Is it possible by viewing a bike frame to tell roughly what the handling of the bike is going to be? This current question is about bottom bracket height in the above mentioned respect.

I have noticed that some bikes have parallel to ground chainstay, while others have angled. Assuming 26" wheels, is this angle enough to judge BB height, e.g. "low", "medium","high". If so, are those categories enough to provide some concrete information about the handling of the bike (e.h. "a lot of clearance", "aggressive turning"), considering constant wheelbase and constant headtube angle?

  • Head angle has far more to do with handling than does BB height. And on virtually all bikes you cannot expect to pedal on a sharp turn -- the inside crank must be up to avoid ground interference. Aug 15 '13 at 11:27
  • @Daniel R Hicks, I am asking only about BB height, all else being equal. There is already a general question about frame geometry. Also, I do not mention pedalling (but the other question does).
    – Vorac
    Aug 15 '13 at 11:48

This isn't a situation you're going to run into, but let's run with it. All else being equal with a given set of bikes, visually you could probably just barely tell that one bike had a higher or lower BB than the next. You'd probably need a tape measure. In general, your bike with lower bb is going to transition from turn to turn ever so slightly faster, probably an amount unperceivable to most. It's also going to have pedal strikes more often. The bike with the taller bb height is going to be just the opposite in both respects. Keep in mind that without rider weight, bb height is deceptive on any bike with suspension. Its worse with full suspension vs hardtails. Proper suspension sag is typically taken into account in geometry specs, but on the showroom floor suspension bikes will have exaggerated bb heights.

Now let's talk real world.

We're really only talking about a few cm of difference in bb height even in extreme case comparisons. For instance, looking at Trek's xc race hardtails and comparing them to their downhill bikes, you've got less than 6cm of bb height difference. That's not insignificant, but we're basically comparing apples to oranges at that point and looking at 2.5 inches of difference. Amongst a given category of bikes you're going to have very little variance- probably less than a centimeter.

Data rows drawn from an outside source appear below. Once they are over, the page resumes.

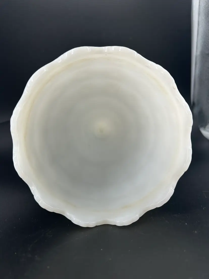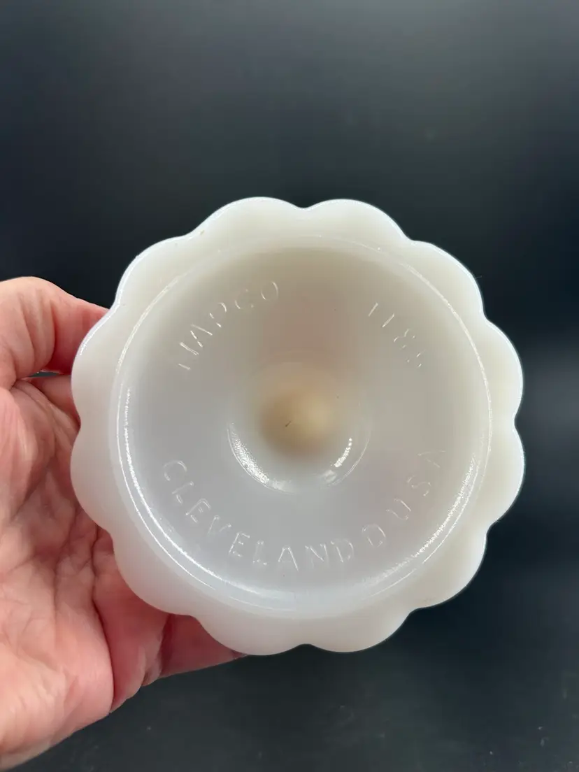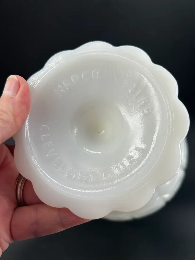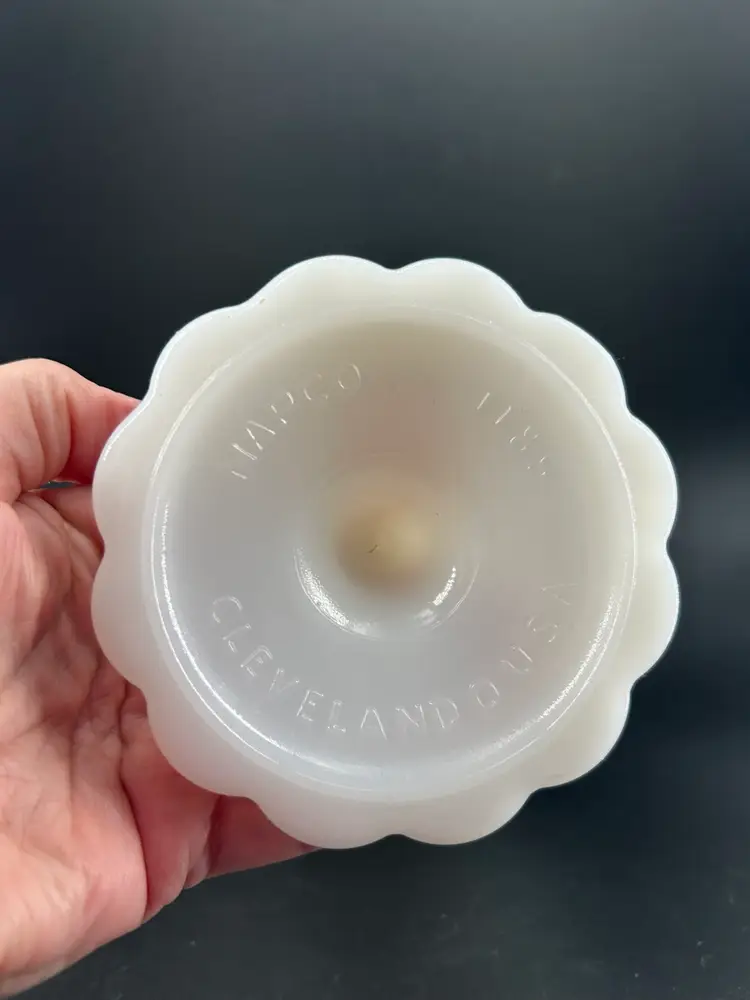 This is a Napco Compote made of milk glass with a quilted pattern. It stands 6.5 inches tall and 5.5 across the top. There are no chips or cracks.
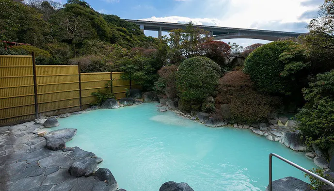 5.青みがかった白濁の明礬泉と別府の街を見晴らす眺望に、心解き放たれる
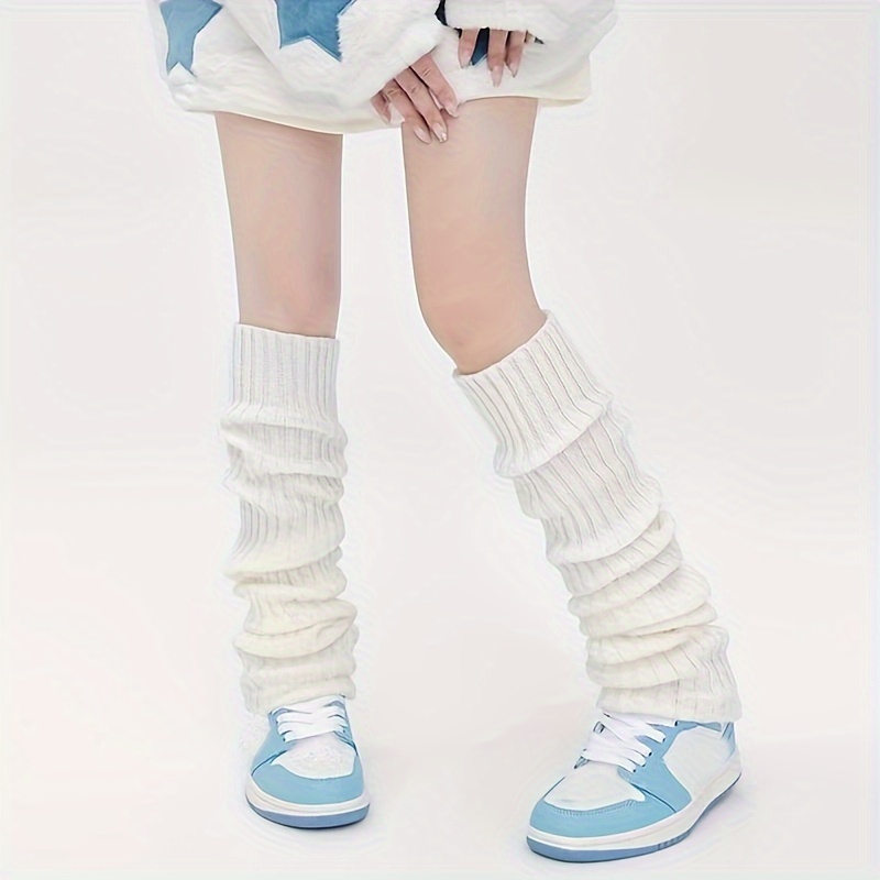 TEMU 1쌍 여성용 미끄럼방지 오버더니 소크스 - 부드러운 아크릴 겨울 보온 레그워머, 단색 캐주얼 다기능 종아리 길이 커버, 야외 활동용, 미끄럼 방지 신발, 텍스처 디자인, 계절별 레그웨어, 심플 스타일, 내구성 있는 소재, 패션 액세서리
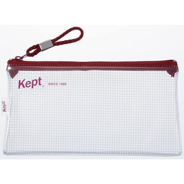 表が透明で中身がきれいに見えるクリアタイプのペンケース少し厚手の素材でできているから、形がしっかりしていて安心感抜群!透明度が高いのでお気に入りの文房具をいつでも眺められるし、背面のメッシュが丁度良い背景になるので写真移りもバッチリ!しっかりしたファスナー口と出し入れのしやすい長めの引手がトレードマークで、カラフルな5色をラインナップ大好きな文房具や小物を入れて、楽しみながら勉強に励めます。商品名:レイメイ藤井 ペンケース Kept クリア レッド KPF603R
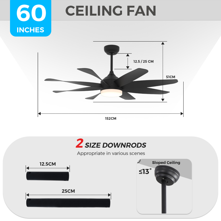 3.Suitable for a variety of locations:Our indoor home decoration ceiling fans have three sizes downrods (6 “12” 24 “) that can be mounted on 12°pitched ceilings to suit the installation needs of different areas.In addition,it comes with detailed operating instructions,easy to install,and you can install this big ceiling fan alone
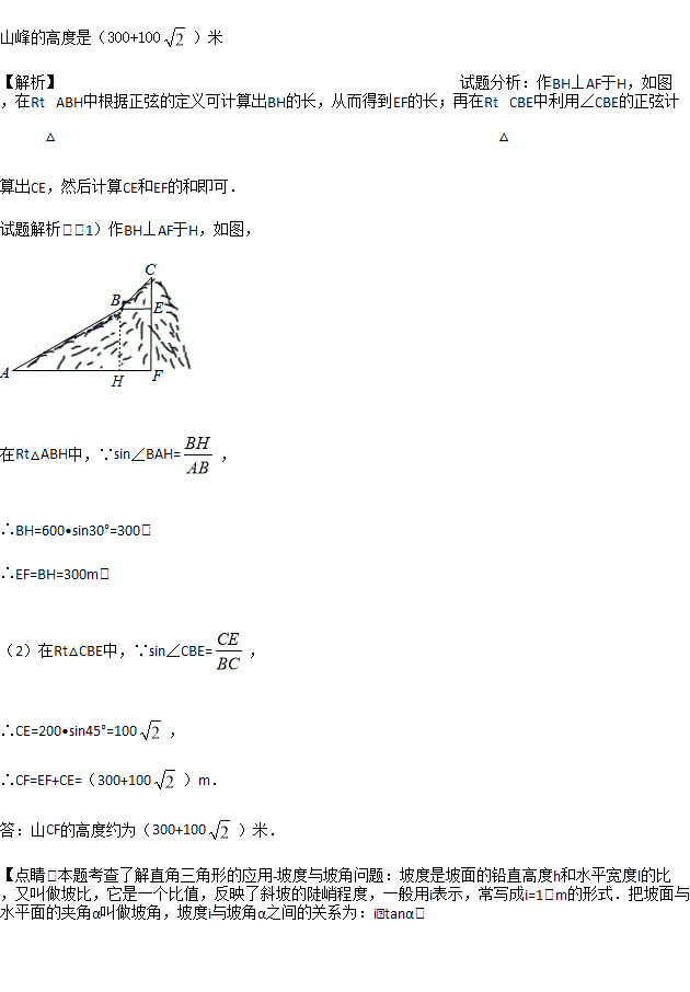如图,为测量一座山峰CF的高度,将此山的某侧山坡划分为AB和BC两段,每一段山坡近似是“直”的.其中测得坡长AB=600米,BC=200米,坡角∠BAF=30°,∠CBE=45°.求山峰的高度CF(结果保留根号)
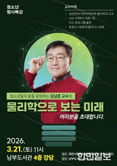 강연은 관내 청소년 및 학부모 약 90명을 대상으로 진행되며, 제천시립도서관 누리집에서 3월 3일부터 선착순으로 접수한다.
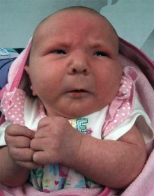 Beckwith-Wiedemann syndrome (Figure 96) is associated with chromosome 11 mutations near the IGF gene. Neonatal hypoglycemia; macroglossia; visceromegaly; hemihypertrophy; and embryonal tumors, especially Wilms tumor, are associated with mutations of chromosome 11.
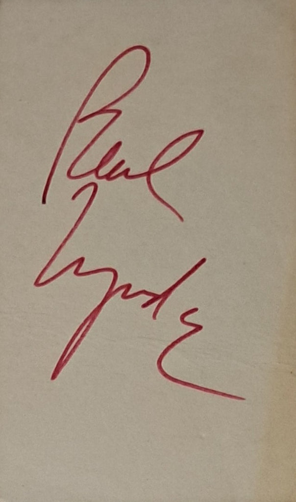 Scarce vintage signature in red felt-tip pen on a 3x5-inch tan card, acquired in-person by a busy autograph hound in the 1970s. In good condition.With his distinct drawl, stinging barbs and sexually-charged innuendos, comic actor and gay icon Paul Lynde stole every scene in films like Bye Bye Birdie (1963), Send Me No Flowers (1964), Beach Blanket Bingo (1965), and Rabbit Test (1978). His extensive work on television included classic episodes of "The Munsters" (1964-1965), "Bewitched" (1965-1971) and "I Dream of Jeannie" (1966-1968), as well as "The Paul Lynde Show" (1972-1973) and a long run on the game show "The Hollywood Squares" (1966-1979). He died tragically of a drug abuse-related heart attack at the age of 55 and his autograph is rather elusive in any format.

It's important to keep in mind that bb height is just a small piece of the puzzle in terms of handling dynamics for a bike. There are other factors of frame geometry that I would take into consideration first, such as effective top tube length (the bike needs to fit) headtube angle (how quick will the bike initiate a turn) and wheelbase (how quick will the back of the bike follow the front of the bike). When those are equal I would start considering chainstay length, headtube length, and bottom bracket height. Those are all pretty much in order.


BB height is something that is very important in mountain biking, as well as other disciplines. It effects where the riders center of gravity is in relation to the bike and to the ground. Generally speaking, a higher BB height will lead to a higher center of gravity making the bike harder to turn when the rider leans into the turn. A higher BB can help you clear obstacles though, especially when you consider how far down a big ring may hang from the BB.

Judging BB height visually is something you'll have to learn from experience or by putting a couple bikes next to each other. How good are you at judging a 5mm difference? If you can't then judging BB height is pretty much useless unless you're comparing a hybrid touring bike to a full downhill bike.

Another important point is that not all chainstays will be straight. What about full suspension bikes? Some of those chainstays arc up and not tell you anything about BB height. Suspension also means that as you put weight and/or pressure on the bike the BB height will lower as the suspension moves through it's travel.